Key OPEC ministers met privately Friday to find a way of reining in their oil production plans, a task complicated by the demands of warring cartel members Iran and Iraq.
Apparently convinced that their original plan to produce 18.3 million barrels a day in the fourth quarter would drive prices below $18 per barrel, the ministers were seeking a compromise below that scheduled output, perhaps by simply extending the 16.6-million-barrel level scheduled for the third quarter.
The negotiations were conducted among a handful of OPEC member nations, with Indonesian oil minister Subroto and OPEC President Rilwanu Lukman of Nigeria acting as mediators and shuttling from hotel to hotel here. Two full ministerial meetings were canceled in favor of the private talks.
(Fawzi Shakshuki, Libya's oil minister, told reporters after a late Friday meeting with four other OPEC ministers that they had agreed the cartel production ceiling should be lifted to 16.6 million barrels a day on July 1 and retained through year's end. It currently stands at 15.8 million barrels daily.
(Reports that OPEC may hold its output below expectations sent prices on world oil markets soaring Friday. On the New York Mercantile Exchange, prices for August delivery of West Texas Intermediate, the U.S. benchmark crude, closed 60 cents higher at $20.24 a barrel.)
Because Iran isn't now capable of increasing its production to take advantage of a higher quota, one possible way to win over Iran would be to engineer some effective limit on Iraq's production.

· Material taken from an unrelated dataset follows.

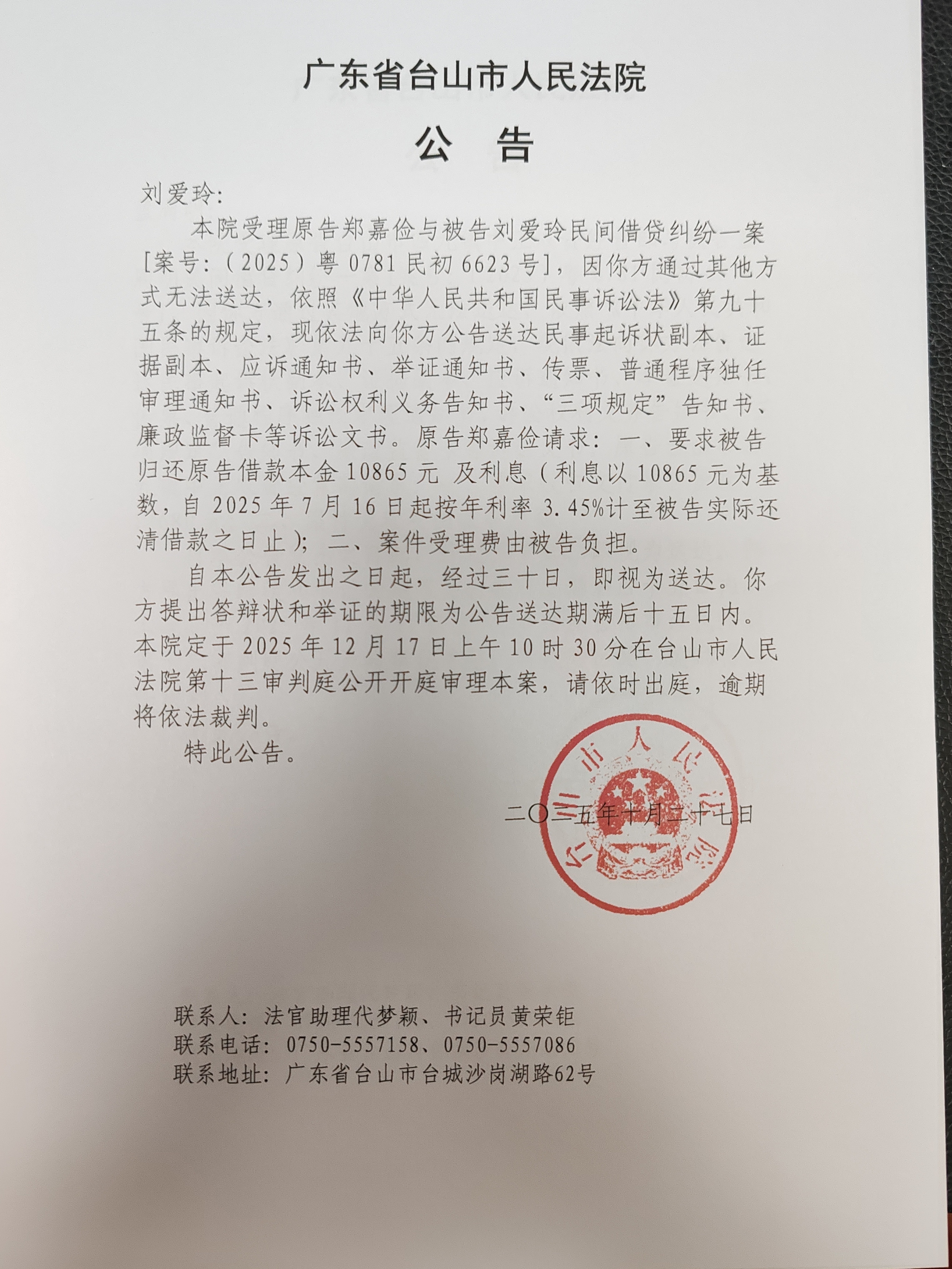 来源: 台山市人民法院 时间:2025-10-27 15:58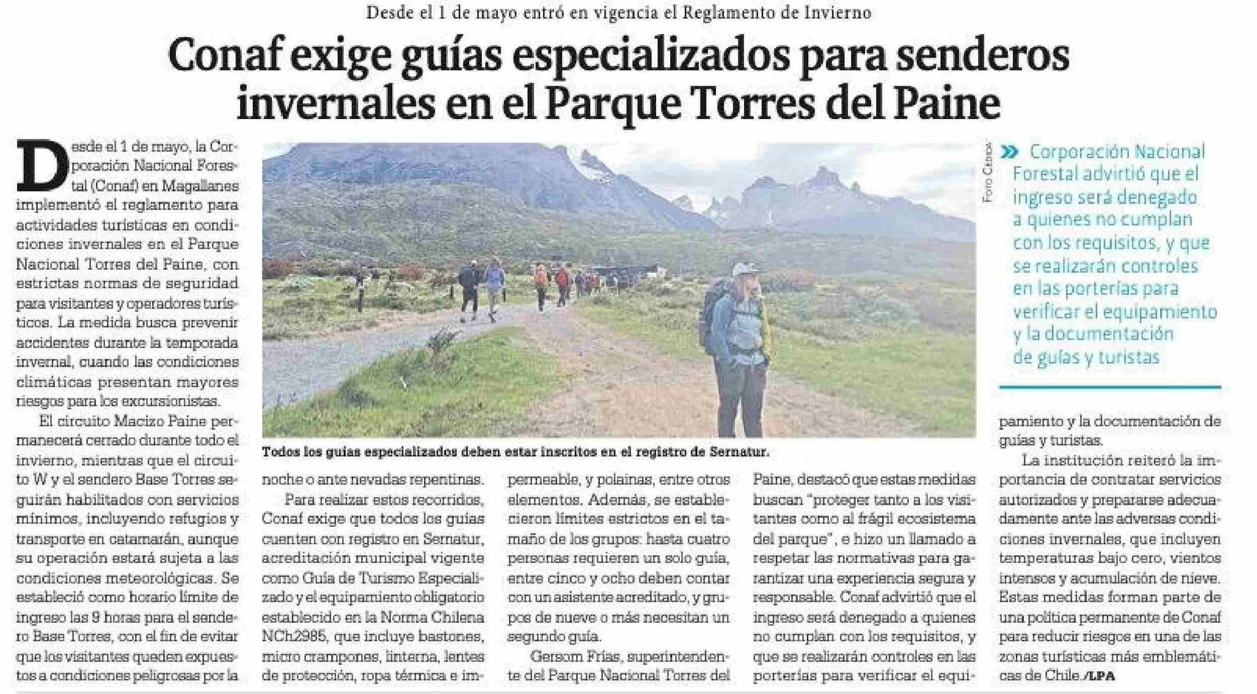 Conaf exige guías especializados para senderos invernales en el Parque Torres del Paine

Iraq has refused to abide by the quota assigned to it under OPEC's otherwise successful December production and price-fixing agreement, and is due to sharply raise its production with a pipeline expansion this fall.
Both nations rely almost totally on oil revenues to fuel the war against each other, and their mutual demands for advantageous quota levels have been a continual threat to OPEC unity. Iraq refuses to follow the 1.4-million-barrel-per-day quota assigned to it by OPEC because it is about 800,000 barrels less than Iran's quota. Both nations are now producing an estimated 2.2 million barrels daily, subject to sudden reductions due to bombings.
A delegate from one of OPEC's biggest producers said that giving Iraq a quota matching Iran's might bring the Baghdad contingent into the fold. Iraq's biggest military supporters, Saudi Arabia and Kuwait, could effectively hold the Iraqis to the the quota by halting their shipments of "war relief" crude to Baghdad or interrupting the flow of Iraqi oil, which moves through a pipeline across Saudi Arabia.
"That is the most logical political solution," the OPEC delegate said.
But several OPEC observers said that approach would tamper with what has been a successful quota accord, and might open a can of worms.
Many predict that Iran will instead go along with a simple fourth-quarter production compromise that would support the current $18 official price and leave Iraq out of the agreement. In that event, the Saudis and Kuwait might agree under the table to quit shipping Iraq the revenue from 300,000 barrels of war relief crude that it now receives each day.